Starting with the line containing "New Style Simple" and going on through the line containing "Удобная большая рубашка", return the lines of the data below exactly, and only those.

→ Provided records:
= = = = = = =
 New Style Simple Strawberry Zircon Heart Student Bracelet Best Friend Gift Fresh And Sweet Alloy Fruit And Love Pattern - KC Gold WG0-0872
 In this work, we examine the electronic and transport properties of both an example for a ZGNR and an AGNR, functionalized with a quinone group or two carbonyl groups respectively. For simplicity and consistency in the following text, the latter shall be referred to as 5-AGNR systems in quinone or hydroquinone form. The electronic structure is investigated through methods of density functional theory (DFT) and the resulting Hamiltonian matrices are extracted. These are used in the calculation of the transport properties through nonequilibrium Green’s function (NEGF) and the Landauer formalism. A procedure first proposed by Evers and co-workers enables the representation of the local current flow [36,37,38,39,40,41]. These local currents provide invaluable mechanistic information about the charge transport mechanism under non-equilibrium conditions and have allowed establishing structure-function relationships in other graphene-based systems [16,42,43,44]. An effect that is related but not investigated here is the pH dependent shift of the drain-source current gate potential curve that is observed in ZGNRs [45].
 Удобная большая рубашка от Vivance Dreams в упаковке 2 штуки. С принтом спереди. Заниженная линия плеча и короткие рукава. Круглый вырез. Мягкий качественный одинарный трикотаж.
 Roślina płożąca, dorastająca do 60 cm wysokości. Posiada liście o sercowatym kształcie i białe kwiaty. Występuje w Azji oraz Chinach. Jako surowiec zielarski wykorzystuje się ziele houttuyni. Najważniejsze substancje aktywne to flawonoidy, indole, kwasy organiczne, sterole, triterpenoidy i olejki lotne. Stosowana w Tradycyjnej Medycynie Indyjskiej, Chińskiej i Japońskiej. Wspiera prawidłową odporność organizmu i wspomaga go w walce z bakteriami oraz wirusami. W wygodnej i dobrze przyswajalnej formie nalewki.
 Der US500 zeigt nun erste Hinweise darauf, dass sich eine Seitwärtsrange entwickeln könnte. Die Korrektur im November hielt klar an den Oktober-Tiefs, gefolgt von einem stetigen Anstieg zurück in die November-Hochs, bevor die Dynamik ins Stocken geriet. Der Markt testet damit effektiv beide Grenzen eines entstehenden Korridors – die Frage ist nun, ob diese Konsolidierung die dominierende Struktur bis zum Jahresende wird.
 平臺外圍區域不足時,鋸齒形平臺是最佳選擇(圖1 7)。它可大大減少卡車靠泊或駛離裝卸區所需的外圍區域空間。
= = = = = = =
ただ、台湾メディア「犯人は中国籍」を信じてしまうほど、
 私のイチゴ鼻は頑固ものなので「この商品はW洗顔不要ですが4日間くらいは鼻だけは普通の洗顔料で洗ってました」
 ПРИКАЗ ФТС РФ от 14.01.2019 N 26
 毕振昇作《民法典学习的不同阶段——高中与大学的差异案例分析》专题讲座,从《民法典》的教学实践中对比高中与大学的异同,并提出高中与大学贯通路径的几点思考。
= = = = = = =
→ Task result:
 New Style Simple Strawberry Zircon Heart Student Bracelet Best Friend Gift Fresh And Sweet Alloy Fruit And Love Pattern - KC Gold WG0-0872
 In this work, we examine the electronic and transport properties of both an example for a ZGNR and an AGNR, functionalized with a quinone group or two carbonyl groups respectively. For simplicity and consistency in the following text, the latter shall be referred to as 5-AGNR systems in quinone or hydroquinone form. The electronic structure is investigated through methods of density functional theory (DFT) and the resulting Hamiltonian matrices are extracted. These are used in the calculation of the transport properties through nonequilibrium Green’s function (NEGF) and the Landauer formalism. A procedure first proposed by Evers and co-workers enables the representation of the local current flow [36,37,38,39,40,41]. These local currents provide invaluable mechanistic information about the charge transport mechanism under non-equilibrium conditions and have allowed establishing structure-function relationships in other graphene-based systems [16,42,43,44]. An effect that is related but not investigated here is the pH dependent shift of the drain-source current gate potential curve that is observed in ZGNRs [45].
 Удобная большая рубашка от Vivance Dreams в упаковке 2 штуки. С принтом спереди. Заниженная линия плеча и короткие рукава. Круглый вырез. Мягкий качественный одинарный трикотаж.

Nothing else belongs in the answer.